Cultured products: data shows the cultured category growing, with cottage cheese the shining star

Dairy Foods, May, 1999 by Donna Berry

Whoever would have thought a few years ago that cottage cheese sales could truly turn around? A declining category since 1986, cottage cheese retail sales posted 3.4% volume growth in 1998, according to the International Dairy Foods Assn.'s Cultured Dairy Products Report. This is the strongest volume growth for any cultured product category.

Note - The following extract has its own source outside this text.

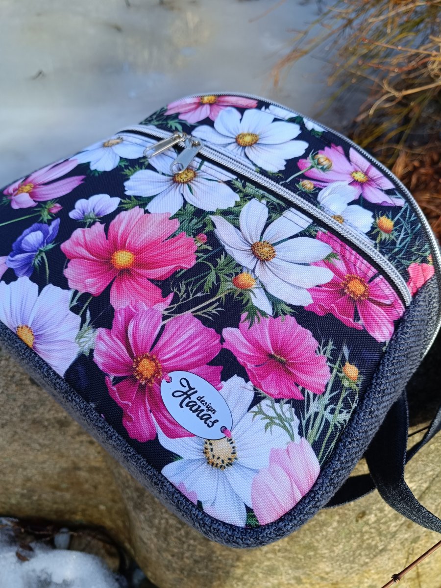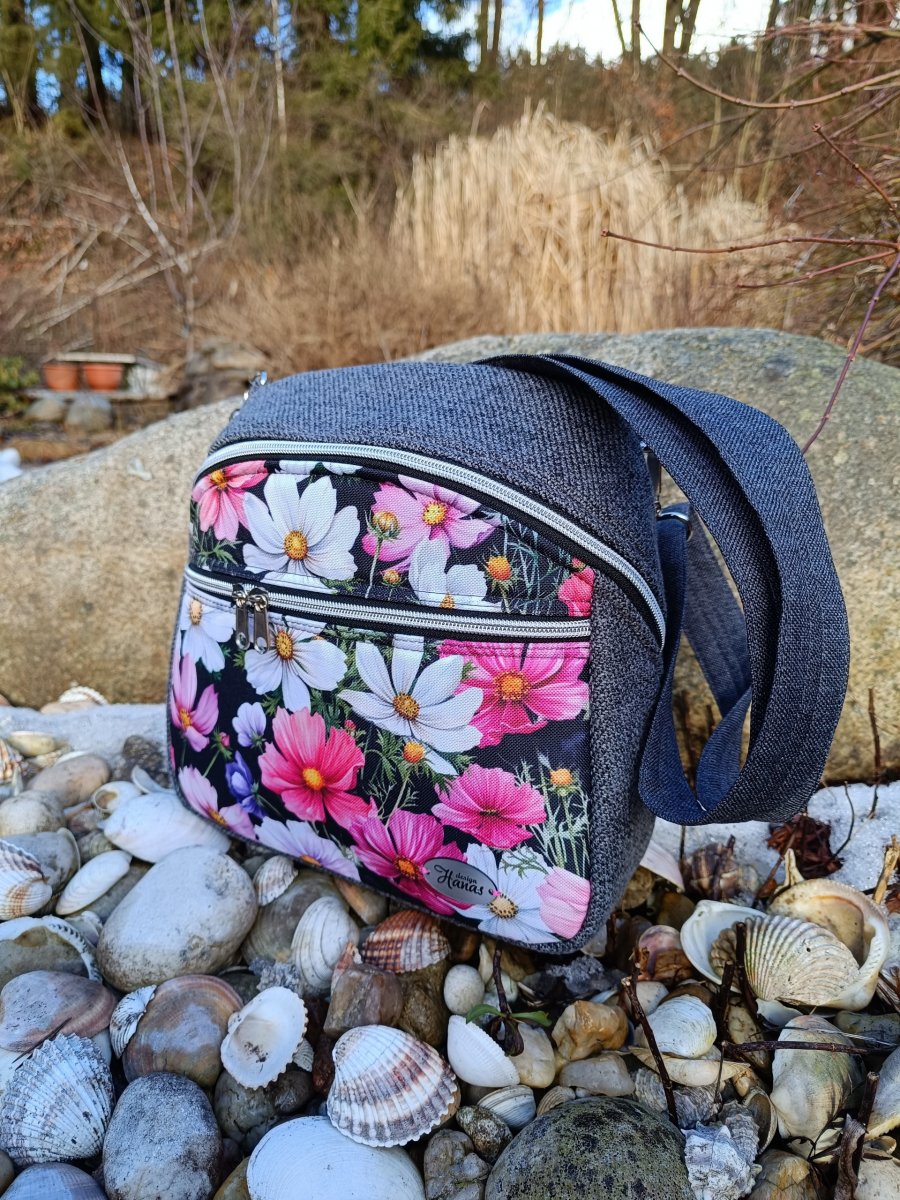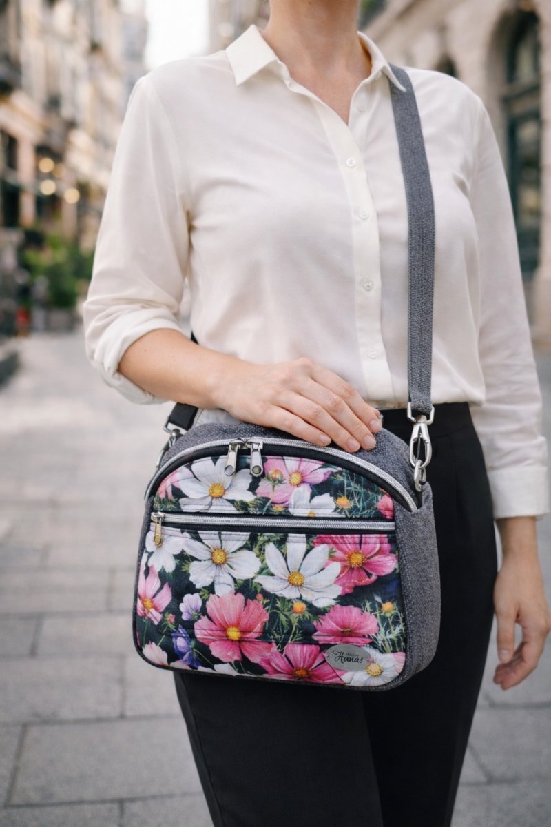 Stylová a originální kabelka ušitá z pevné, kvalitní látky v elegantní šedé a doplněna kočárkovinou s květy. Na první pohled působí menší, ale její hlubší dno překvapí – vejde se do ní vše potřebné pro každý den. Na předním i zadním díle je zipová kapsa. Uvnitř kabelky jsou další dvě kapsičky.
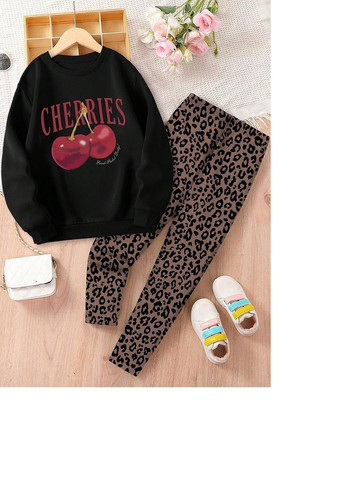 Це вбрання для дівчаток складається зі світшота з принтом вишні та легогенсів з леопардовим принтом. Світшот має вільний крій та рукави з приспущеним плечем. Легінси також мають вільний крій. Тканина трішки тягнеться. Вбрання на підкладці для додаткового тепла. Включає виріз круглий.

This growth is a direct result of bringing new users to the category through the introduction of innovative products like Cottage Doubles from Kraft Foods Inc., Northfield, Ill., and FruitStirs from HP Hood Inc., Chelsea, Mass. Both products combine fruit with cottage cheese, the first in a side-by-side style and the second as fruit-on-the-bottom.

"Blending cottage cheese with fruit, and packaging it like yogurt, has started revitalizing the cottage cheese market," says Terri Rexroat, product mgr. with a culture supplier.

What currently is selling the best are low-fat and regular-fat varieties, which respectively represent 38.9% (up 5.0%) and 46.4% ( 3.6%) of volume sales. Single-serve containers appear to be the container of choice for innovation in cottage cheese. And besides adding fruit, manufacturers are also exploring the use of savory flavors such as chives, vegetables and cucumber.

The U.S. market can expect to see continued innovation in the cottage cheese segment. "A fat-free fresh cheese dessert can be made by blending homogenized cottage cheese curd with fruit prep, pectin and cream flavor," says Rexroat. "This unique product is a tasty, healthy dessert or snack that puts an American twist on a European classic."

New inclusions, new packages for yogurt

Yogurt manufacturers have not been real creative in their offerings since dessert flavors debuted a few years ago. However, in the past year, two Minneapolis-based companies have taken giant steps and have rolled out two truly different yogurts.

Marigold Foods Inc. developed a decadent yogurt containing chocolate truffle cups along with fruit puree. This product marks the first time a chocolate inclusion is actually part of the yogurt and not simply located in an attached compartment for stirring in at the time of consumption. It is also the first time chocolate truffles are being added to yogurt.

Under its Yoplait brand, General Mills introduced a unique squeezable tube of yogurt for kids. Go-Gurt, properly named to convey its portability, is a breakthrough formulation making it the only yogurt on the market today that can be enjoyed refrigerated, frozen or thawed.

In general, the yogurt category is faring well. The regular-fat variety led the category in 1998 with the strongest volume growth ( 7.5%), while low-fat maintained the highest dollar (52.6%) and volume share (51.7%).

Growth in the regular-fat category, also known as whole milk yogurt, can be attributed to consumers' increased interest in organic yogurt. Organic and "all-natural" manufacturers like Stonyfield Farm Inc., Londonderry, N.H., Horizon Organic Dairy, Longmont, Colo., and Brown Cow West, Antioch, Calif., have revived this variety. Whole milk organic yogurts are extremely attractive to parents looking for all-natural, nutrient-dense foods for infants and toddlers.

Brown Cow takes its all-naturalness serious. The company uses only milk from brown Jersey cows, which is richer and has a higher protein content than milk from the more common black and white Holstein cows. According to the company, sourcing Jersey milk on a regular basis is quite challenging because almost all milk produced in the United States comes from Holsteins. Jerseys produce less milk and there are fewer cows, but "Jerseys simply produce better milk, which makes really rich, creamy yogurt," says Steve Ford, president.

The company self-imposes another restriction, making sourcing even more difficult: The cows cannot be treated with any bovine growth hormone.

Brown Cow also uses only natural sweeteners. "We use maple syrup, which costs about five times as much as cane sugar," says Ford. "Cane sugar is easier to work with, but it doesn't fit the all-natural profile of our products."

These strict formulation guidelines are paying off for Brown Cow. The company posted 37% growth in 1998, and expects continued growth in 1999.

Category leaders like General Mills recognize this trend toward all-natural yogurt, and have recently joined the organic movement with the introduction of two varieties in multi-serving 32-oz containers - plain and vanilla.

The dairy industry can expect to see more mainstream yogurt manufacturers developing a premium, all-natural line for the growing "green" consumer.

Suppliers are making this possible through the introduction of specialty starches for yogurt stabilization. These starches replace gelatin and non "all-natural" hydrocolloids, resulting in a simpler ingredient label to satisfy health-conscious consumers.

Another formulating trend anticipated in the yogurt category is toward a broader range of sweeteners that are safe for diabetics. This includes the use of polyols like sorbitol, maltitol and erythritol.